What is cool is that this list is determined by information in the SVRL carried over from sch:property elements in the Schematron schema. This gives a declarative way to clasiify assertion failures for the major choices (of this system):

to run some XSLT on the document (e.g., to fix some issue: the XSLT gets a parameter which is an XPath with the location of the element to be fixed); this is a quite similar use to SQF, but simpler, and it is easily applied to bulk documents;
to change the status property of the document (e.g. from In Progress to Ready to Check or whatever); this status property can be used to change the visibility of the document to different groups, which is one kind of workflow;
to put the document onto some task lists, so that it is queued for people with the corresponding role to attend to. (This queueing needs to be first OKed by the general project expeditor, who needs to be on top of such things.)

It was implemented for a particularly high-pressure use: several departments of a very large organization need to produce a massive ULTRA-high-value document (think billions of dollars) each year with about a month preparation time and many last-minute changes. Each section of the document is initially authored by one department then passed around other departments who make revisions. If some revision is found to not fit the guidelines it needs to be fixed and checked off by all the departments again.

The approach they take is something like this for their Schematron schema:

...
<sch:assert test="count(heading) != 1"
   properties="major-editorial fix-multiple-headers"
>There should be one and only one heading here</sch:assert>
...
<sch:property name="major-editorial" role="task">
    <description>Send back for editorial fix</description>
    <status>error</status>
    <group>editors</group>
</sch:property>
<sch:property name="fix-multiple-headers"  role="fix">
     <description>Fix multiple headers</description>
</sch:property>

So in some context, the document is required to have a heading element, but only one. If this assertion fails, then the SVRL will have an svrl:failed-assert element with property elements carried over. (These can have any elements you like under them, whatever is needed to drive the particular system.)

The system shows a list with the message “There should be one and only one heading here”; if you click on the appropriate button up comes a dialog box with a list of choices whose text comes from the description element: click on one, and the system dispatches all the information in the failed-assert and the properties to which ever handler is in place, here “fix” (to run the XSLT) or "task" (to put it on a task list).

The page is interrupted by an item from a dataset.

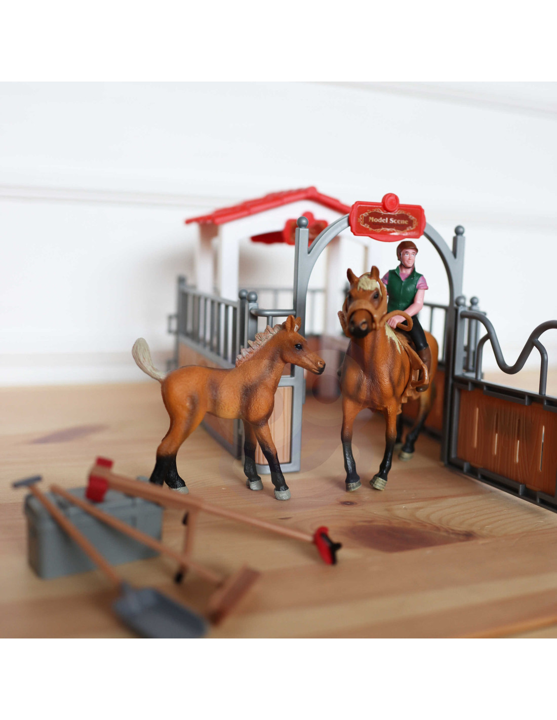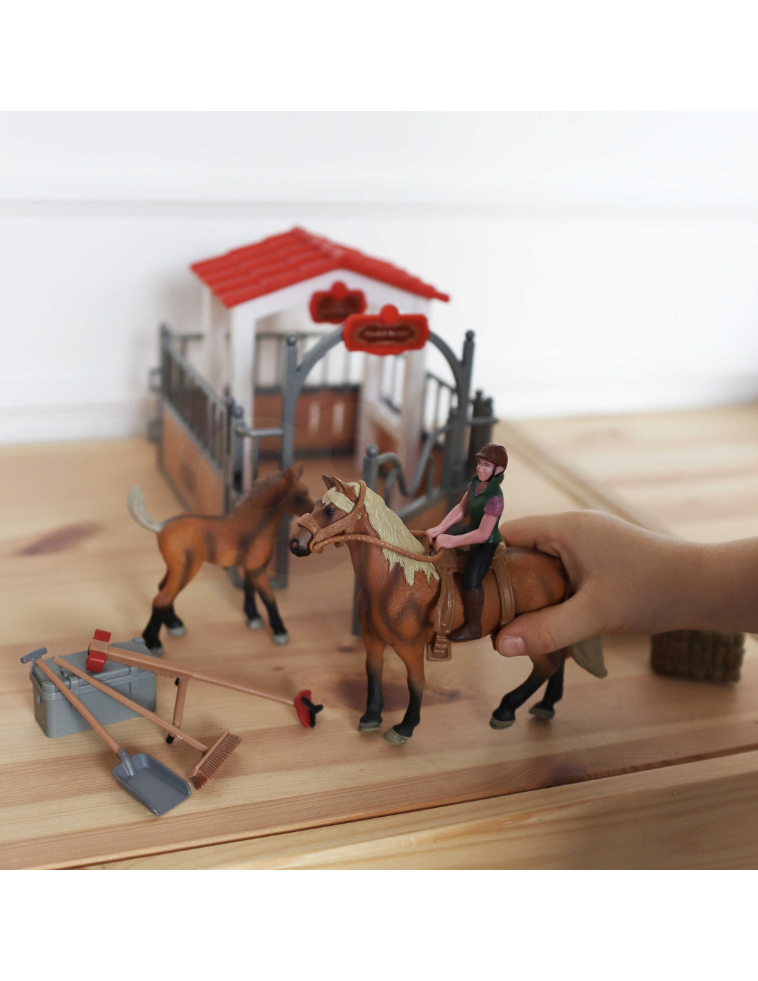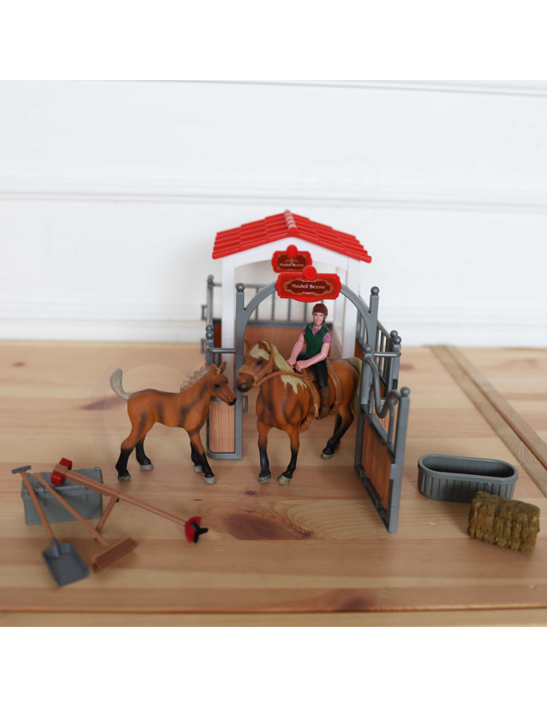 The Stable Set from WOOPIE is the perfect toy for any fan of country life. In addition to the fantastic stable, the set includes two horse figurines , a jockey, hay, and various accessories. The stable has a classic look and is perfectly recreated , and the elements themselves are very durable . Playing in the horse stables will expand your little one's imagination and creativity.

In the case of this system, they can do all the actions manually using the GUI: they are not trapped by the workflow, at a pinch. But the Schematron validation is the usual way to progress.

I was really pleased to see the use of sch:assert/sch:properties here. It makes it much easier to integrate the results of validation with subsequent automated or UI processes.

When you think about “validation” in the context of a pipeline or collaborative workflow, just having a simple "yes/no" result or static error message creates complexity, because you then need to write code that tries to interpret that result in some actionable way. And then it stops being a declarative or scripting issue and becomes a programming issue, with different SDLC dynamics: often this is too hard, and so a human is put in place to look at log messages and triage.

So Schematron’s properties allow you to attach arbitrary information to validation results, including dynamically generated context-specific values based on the document being validated. The subsequent processes don’t need to open up the document and scrabble around it to get the information they need to progress the document. But, because it done by properties, the pattern/rule/assert elements continue to act as schemas: we are decorating or annotating the schema, not introducing programming code.